Her long forefinger tapped down on the incriminating message on the tablecloth.

“Contrary, it seems, to the expectations of our anonymous friend here.”

And also unlike someone else we could both mention. But won’t. hung in the air between them.

Her smile became unambiguously warm for the first time that evening.

“Go on, Dex. Whatever I might think about anything else, I can’t care for a law that turns honest men into traitors for sheer fear. Come on. We’d best be going. You to pack, and I - I’ve got some telegrams to send.”

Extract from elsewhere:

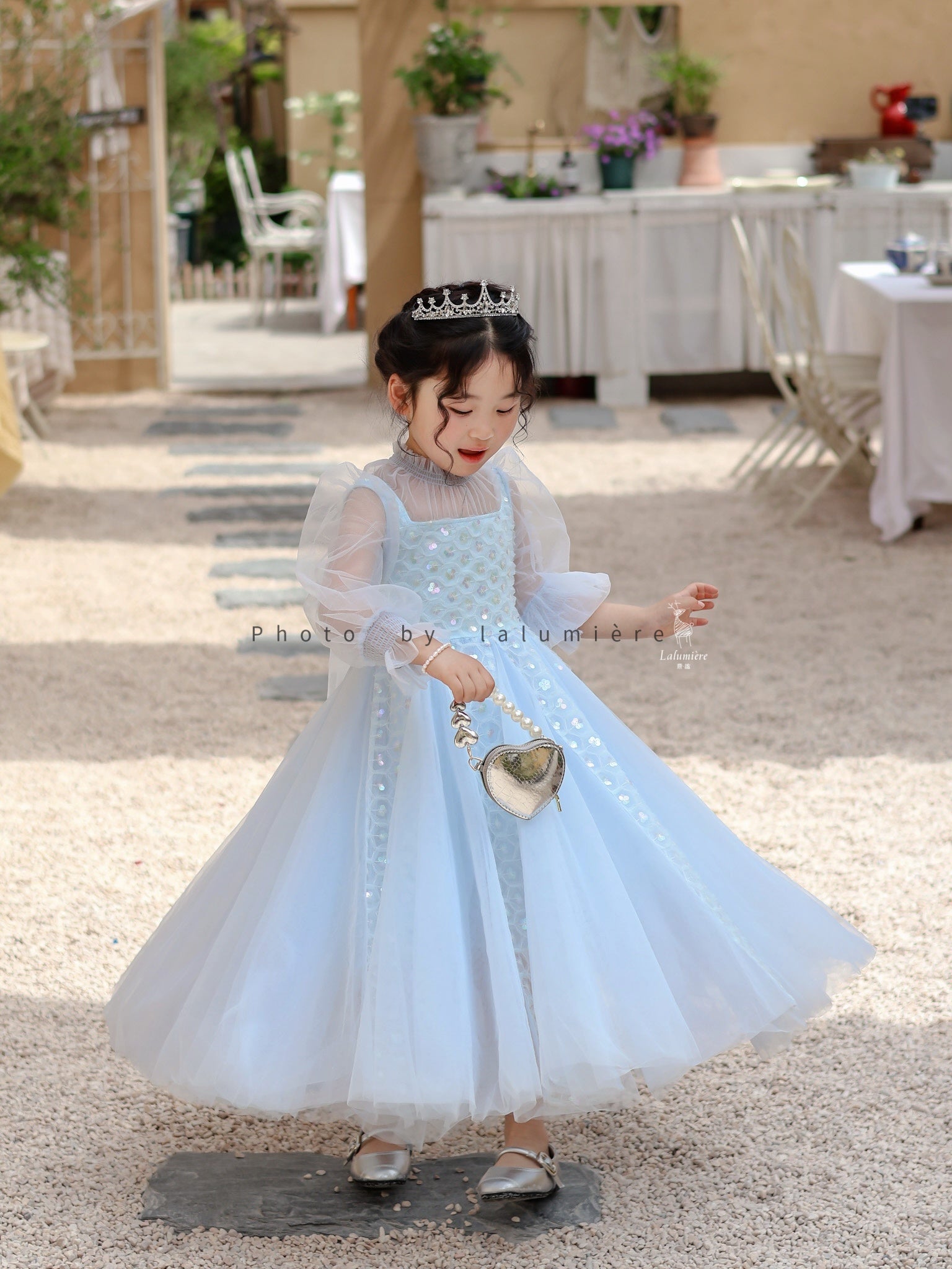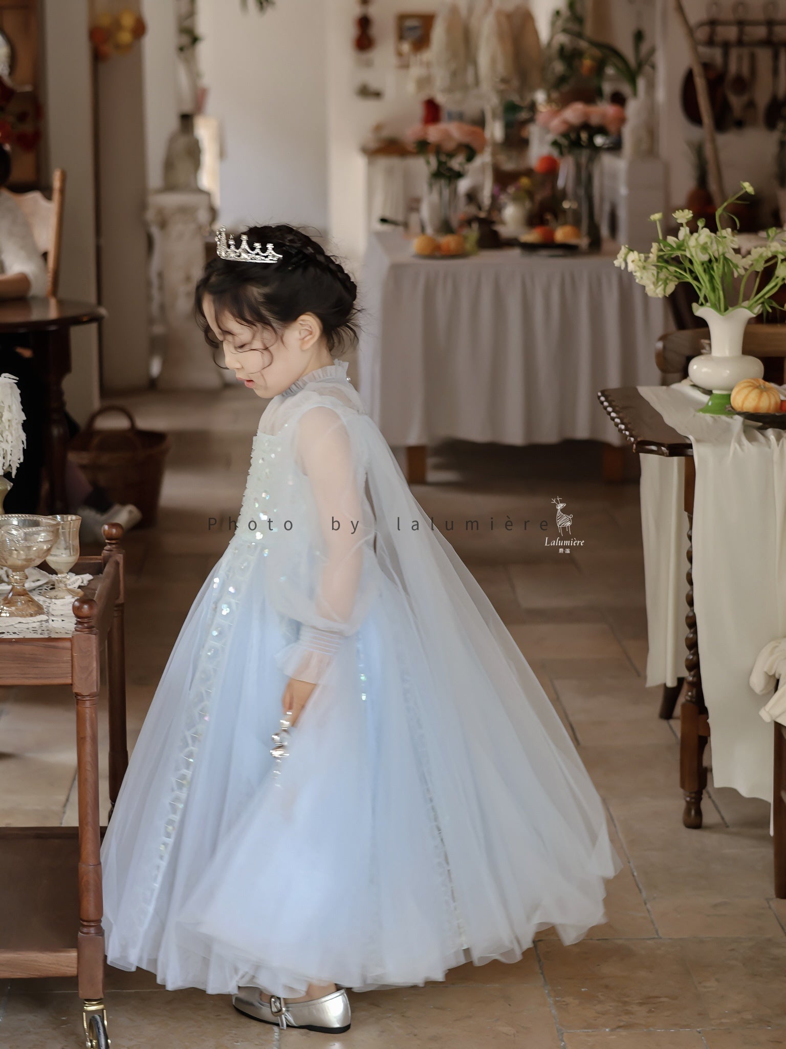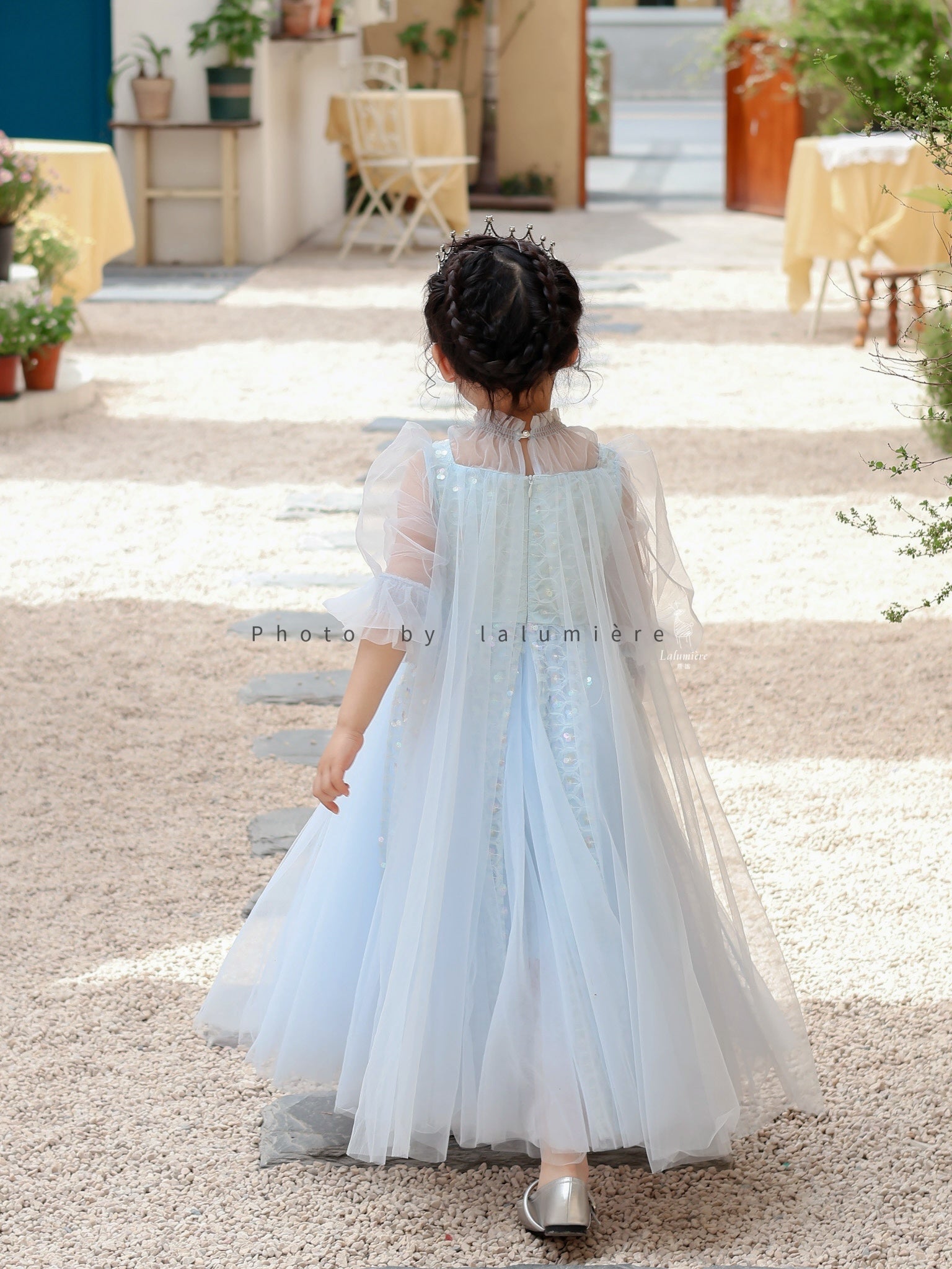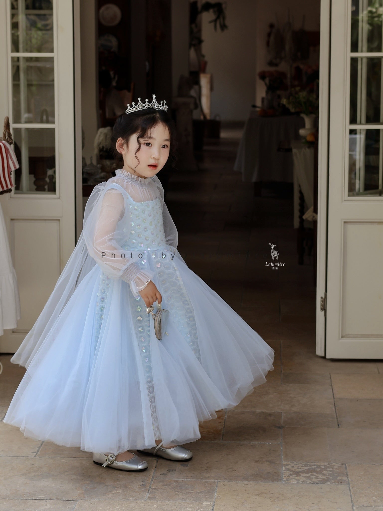 女童浅蓝色长纱袖冰雪公主裙

Franky raised an arm in an imperious gesture, summoning the waiter. When the check arrived on its little silver tray she captured it despite Dex’s protests, and dropped two bills down, waving off the waiter’s mutters about change in a way that suggested either she was used to tipping with wild generosity or that she hadn’t quite managed to adjust to the dollar/sterling exchange rate.

“After all,” she said with a subtle, serpentine smile as he handed her into her car before finding his own in the restaurant parking lot, and catching (as he had) the parting, anxious glance of the family from the adjoining table as they bundled into a Black Ford coupe, “it would never do if we weren’t going to live down to their expectations, the both of us, would it?”